Comienza así uno de los milagros más admirables de esta parte del cosmos: la elaboración del
vino tinto.
El gesto de acercarse una copa de reserva se puede parecer mucho al gesto de tender la mano a
una persona. Si el vino (o la persona) es conocido, la incógnita reside en el cómo estará hoy; si se
trata de un primer encuentro, entonces la experiencia se desarrollará más o menos como sigue.
El primer sentido que entra en juego es la vista. El vino primero se mira… como se mira la
expresión de un rostro. Se mueve la copa para que la luz arranque diferentes matices, por
reflexión y por refracción. Sólo por eso, el resto de los sentidos se despiertan, se interesan, se
estimulan y hacen sus primeras predicciones. Antes de que una persona hable por primera vez,
ya nos imaginamos su voz. Antes de llevarnos la copa a la nariz ya hacemos inevitables apuestas
sobre el olor, el tacto, el juego de sabores… Después el vino se huele. Y, con el olor, parte de las
predicciones se confirman, pero otras fallan, leve o bruscamente, y entonces surge la sorpresa,
una sorpresa esencial que dispara nuevas predicciones sobre, por ejemplo, el tacto, cuando los
labios rompen el menisco del borde del líquido para mojarse en él. Primero se asimila la
temperatura, luego la aspereza o sedosidad (…)

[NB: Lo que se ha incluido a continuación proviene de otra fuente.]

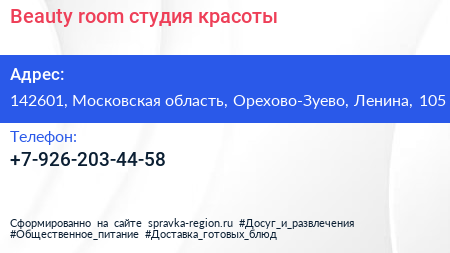 Beauty room, студия красоты по адресу 142601, Московская область, Орехово-Зуево, Ленина, 105 в дальнейшем Организация, размещена в следующих категориях: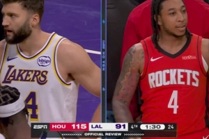 防守中坚!戈贝尔半场3中2拿到5分7板3帽但有3犯规 正负值+13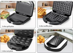 V balení najdete grilovací desku, desku na vafle a desku na sušenky ve tvaru oříšků. Nelepivý povrch usnadní čištění, kompaktní rozměry 22 × 22 × 8,5 cm šetří místo a délka kabelu 65 cm usnadní umístění na pracovní desce.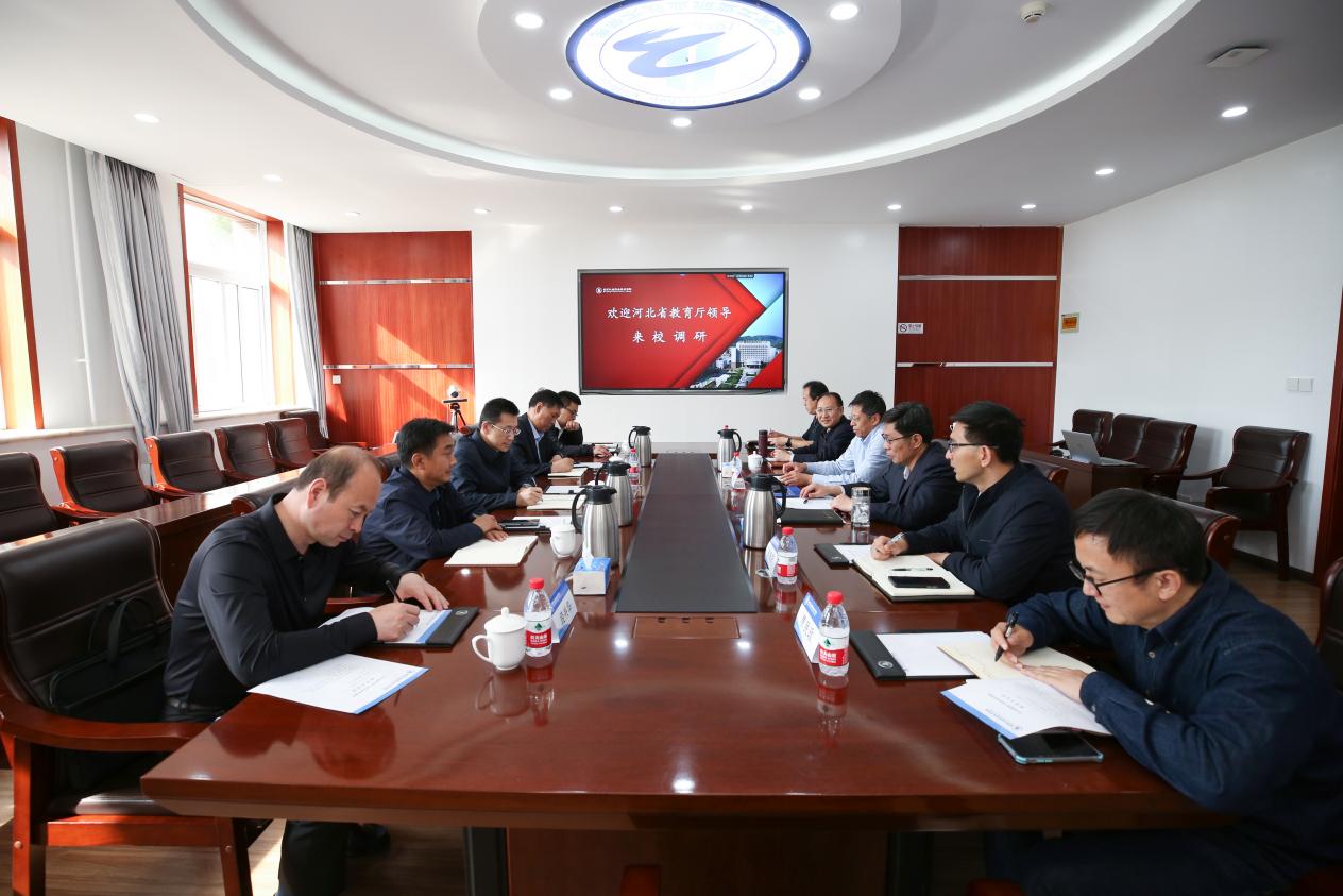 5月12日,河北省教育厅党组成员、副厅长张春生,职成教处处长史帆,河北石油职业技术大学党委书记王军等一行5人来我校调研交流。我校党委书记高喜军,党委副书记、院长安江英,党委常委、院长助理谢光辉参加此次调研交流。

La aproximación del vino también se parece a la disposición para escuchar música. Interesa un
delicado desequilibrio entre lo predecible y lo imprevisible. El exceso de lo uno o de lo otro
puede dejar al cerebro sin función relevante que cumplir. Si la predicción es trivial el cerebro se
aburre y se ofende. Le puede ocurrir a un melómano con una canción infantil, demasiado tonal y
demasiado redundante. Ocurre cuando el primer contacto con un tinto desenmascara su
simplicidad y precipita el primer sorbo directamente en un primer trago, sin matices ni
preámbulos. Si la predicción es imposible, entonces el cerebro se sobresalta y se frustra. Le
puede ocurrir a un melómano con la música dodecafónica o aleatoria. No hay nada más
desagradable y violento que tener toda la percepción dispuesta y afinada para recibir un sabor
en la gama de los amargos y verse invadido a traición por un sabor dulce, aunque se trate del
mismísimo néctar de los dioses.
Y así llega la hora de la verdad, el momento en el que dejamos entrar un sorbo para que se
desparrame a sus anchas entre unas papilas, se diría que en estado prehistérico por la
expectación adelantada por los otros cuatro sentidos. Todavía no hemos soltado la mano que
estrechamos en la nuestra, todavía miramos la mirada de quien nos mira, todavía suenan las
voces de la primera cortesía… y ya empieza la conversación. Con el intercambio de las primeras
preguntas y respuestas, salta una confirmación por aquí, algo que corregir por allí, una sorpresa,
una decepción… Es un primer sorbo de vino convergen, por fin, dos complejidades colosales
nacidas quizás en un mismo lejano día: la una con un rayo de sol en pos del planeta Tierra, la
otra con un frenético espermatozoide en pos de un óvulo maduro. La colisión improbable de
estos dos milagros resulta en un milagro aún más peligroso. Es entonces cuando ocurre la
explosión en cadena. El universo físico del vino entra en deflagración simultánea con el universo
fisiológico de todos los sentidos a la vez, el resultado de ésta en deflagración con el universo
psicológico y el resultado de ésta en deflagración con toda la cultura acumulada hasta entonces
y con la capacidad de investigación de quien sostiene la copa, o de quienes se estrechan la
mano. Así es como algunos primeros sorbos se ganan un puesto vitalicio en la memoria.